Tuesday, February 16, 2010

tuesday blahs

yeah i can admit it, i am over winter.
it has been a 'mild' winter, as far as winters go up here, that is undoubtably good.  but still it is cold and damp and gray a lot of the time and just LONG.   i am ready for green grass and buds, and warmer temps and playing outside and taking long walks and not freezing.  it was bound to happen.  heck i made it all the way to mid feb before my first gripe.  i think that is pretty good...  for me.  i am sure my lack luster attitude is also in part to my healing that has been less than smooth since surgery.  it has been a roller coaster ride of secondary infections and problems with the everyday processes of your body that should be "natural" and mine are so NOT natural these days.  to be honest i am worried.  i really had no choice but to get all this work done, but now i worry that perhaps i was not fixable.  maybe all i need is more time.  it has only been 3 weeks,  but still i worry.  i try and put on the good face,  but inside i feel out of control, unwell, and unsure.
so today i look for comfort in the words of a very wise bear...  maybe you too need his words.

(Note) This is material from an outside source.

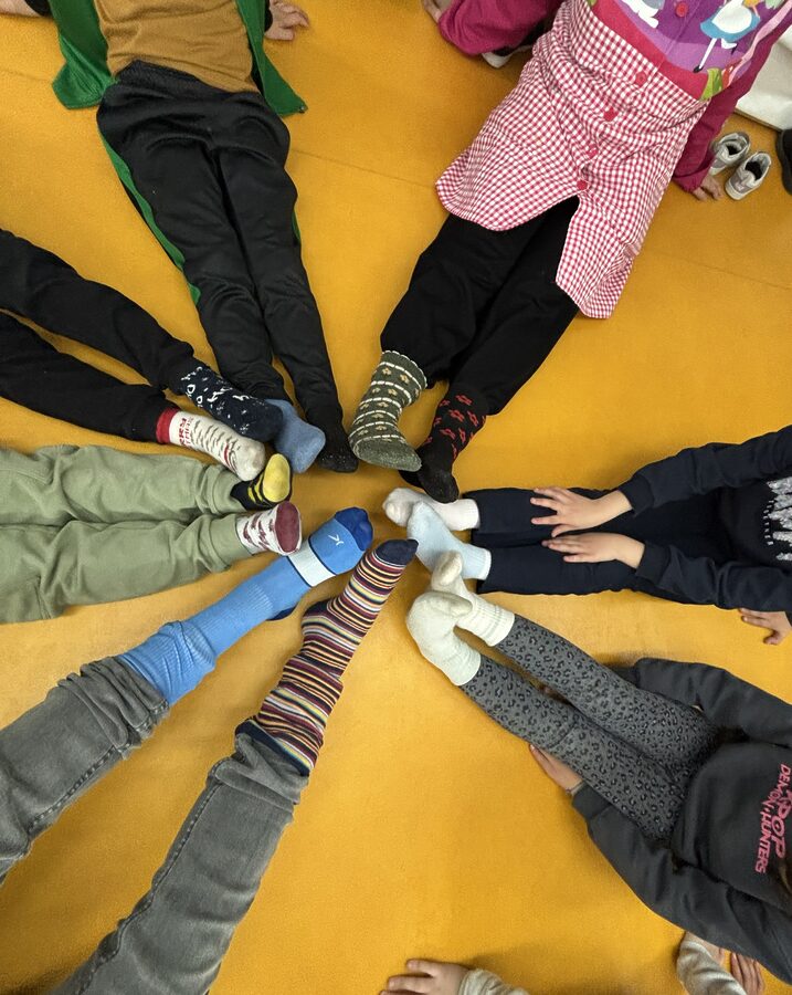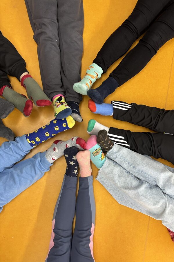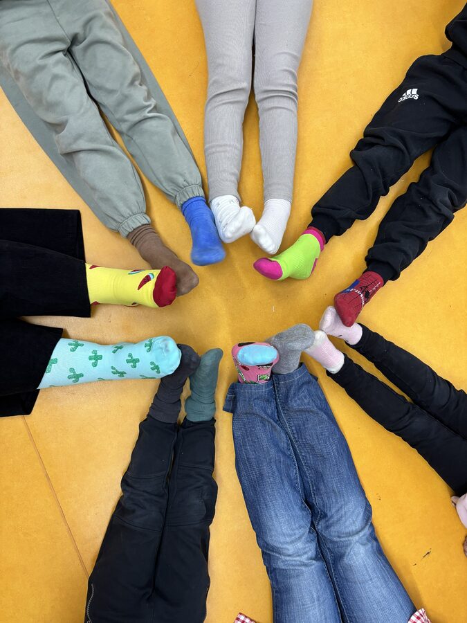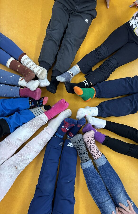 Como todos los años nuestro colegio realiza actividades para visibilizar, este alumnado, con el fin de que toda la comunidad educativa conozca sus diferencias y colabore en la adaptación efectiva de ese alumnado al centro y a la sociedad. Este curso el viernes 20 de marzo, después del recreo, nos hemos reunido todos por clases formando círculos con los calcetines desparejados y un círculo final de todo el alumnado, como forma de sensibilización sobre la diferencia y la integración de el alumnado con síndrome de DOWN .

“If ever there is tomorrow when we're not together.. there is something you must always remember. you are braver than you believe, stronger than you seem, and smarter than you think."  - winnie the pooh  


11 comments:

JoLyn said...

Wonderful words from that very wise bear...

Best wishes for a speedy recovery!

Cherie said...

Hang in there! Great quote for us all to remember.

Jen said...

Sorry to hear you are blue. I am sooo over winter too and have been pretty deep in the dumps myself. You did the right thing with trying to get yourself fixed up. Healing can be hard, but so worth it, even when there are bumps in the road. xo

Heidi {LaundryGirlPhotog} said...

just a little more time. that's all you need. perhaps spring will come just as you are starting to feel better. hugs.

Shalet said...

Right there with you on the griping and worrying today. Be kind and gentle with yourself. Healing takes time. You will be well again. I know it with all my heart.

And your quote - oh my does it bring tears to my eyes.

XOXO

jodi said...

oh, sweetheart, hang in there! keep an eye on things and definitely call your doctor if you are worried. that said, give your self time to heal. xoxo

Char said...

one of my very favorite quotes

hope you're resting and taking care of you. did you get the books?

i need to send more - sorry my life has been so crazy that i haven't done more. sending smiles, hugs and warm wishes for mo' bettah healing

Diane Grenkow said...

You know I feel your winter pain. I really really do.

You know, what you had done was major and it's only been three weeks! Be gentle with yourself, it'll take time to heal. : ) xoxo

Amy @ Lucky Number 13 said...

I had to laugh because I blogged about the same thing yesterday--I am totally done with winter, over it. It's been a long one!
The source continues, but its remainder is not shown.